それでもその後数週間、両親にあやされるこの新生児は、全く健康な様子でした。

 


現代の欧米で実践されている分娩方法の起源はかなり古いものです。


20世紀に入るころ、フランスの小児科医アンリ・ティシエは

「胎児は無菌の環境で育つ。
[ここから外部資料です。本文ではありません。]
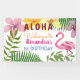 Digan "¡Aloha!" con estilo con esta pancarta tropical floral de 1° cumpleaños con un flamígero rosa juguetón, flores de hibisco coloridas y hojas verdes. Perfecto para los cumpleaños de estilo hawaiano, fiestas de luau de verano o celebraciones en el patio trasero, este cartel de bienvenida personalizado le da un toque luminoso y divertido a su decoración fiesta. Personalizar con el nombre de su hijo y utilícelo como fondo fotográfico, signo de entrada o detrás de la mesa de postres. ¡Una manera alegre y tropical de celebrar el gran hito de tu pequeño!

微生物との最初の接触は、分娩中に膣内の微生物にさらされることによっておこる」と主張しました。


この見方は1世紀にわたり定説として受け入れられていましたが、現在ではその根拠を疑うべき証拠があります

 


最近の研究によれば、ごく普通の健康な妊娠であっても、臍帯血、羊水、胎便、胎盤に、母親の腸内細菌(ほとんどは良性の細菌)検出されます。


分娩の時期が迫ると、膣内マイクロバイオータは大幅に変化します。


微生物の多様性は低下し、通常は小腸に見られる乳酸菌が優勢になるのです。


分娩時、自然な様態で生まれる新生児は、この優勢になった乳酸菌を含む母親のマイクロバイオータにさらされます。
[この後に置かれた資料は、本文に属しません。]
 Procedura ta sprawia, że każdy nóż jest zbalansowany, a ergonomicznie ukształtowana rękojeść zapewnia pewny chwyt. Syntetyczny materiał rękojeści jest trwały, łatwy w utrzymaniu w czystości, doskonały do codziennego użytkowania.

これは、乳児の腸にコロニーを形成する微生物の重要な源泉になります。


母親が持つ膣内微生物の独自のセットが、子供の腸内微生物における独自のパターンの基盤を形成し、それが生涯にわたって維持されます。

また、母親が宿す微生物は、代謝メカニズムの重要な構成要素、すなわち母乳に含まれる乳糖や特殊な炭水化物を消化するの能力を新生児に与えるのです。

 

 母体や胎児の生命を優先するために、膣内を通過しない、出産方法がとられることがあります。

一部の国と地域では、初めから帝王切開を選択する場合もあります。


しかし、出産時に、膣内微生物によるマイクロバイオームのプログラミングを「バイパス」すると脳の発達にいかなる長期的な影響を及ぼすのか

が不明にもかかわらず、自然分娩を選択する夫婦が減ってきていることに、現代の科学者は懸念を抱いています。


ブラジルやイタリアなどの国々では、帝王切開で産まされる新生児が、自然分娩で生まれる新生児より多いのです。

これまでのところ
  • 帝王世界で生まれた子供の腸には、母親の膣内微生物がうつされること
  • ビフィズス菌のような重要な微生物が腸内にコロニーを形成するにあたり、自然分娩より帝王切開による分娩のほうが時間がかかる事
が判明しています。


さらに言えば、帝王切開で生まれた子供は、危険な微生物クロストリジウム・ディフィシルが腸内にはびこりやすく、年齢を重ねてから肥満しやすくなります。

帝王切開が原因で腸と脳のコミュニケーションが変化しえ、自閉症を含む脳障害が発症し靖うなると考えられており、現在それを確認する研究がおこなわれています。

付け加えておくと、M・ブレイザーが率いるグループが行った、マウスを使った画期的な研究によって、幼少期に抗生物質の投与のためにマイクロバイオータがかく乱されると、長期的な影響が現れ、成人後に高脂肪食のせいで肥満する可能性が高まる事が判明しているのです。

いずれにしても、出産方法と腸内細菌、そしてその後の発達と健康の関係性はまだ研究が始まったばかりです。
統計上の数字だけで判断するのは早計ですが、周産期の母親の精神状態が母親の腸内環境を悪化させ、悪化した腸内環境を子どもへ遺伝することが
明らかになれば、妊婦さんを取り巻く環境がさらに改善される一助となるのではないでしょうか。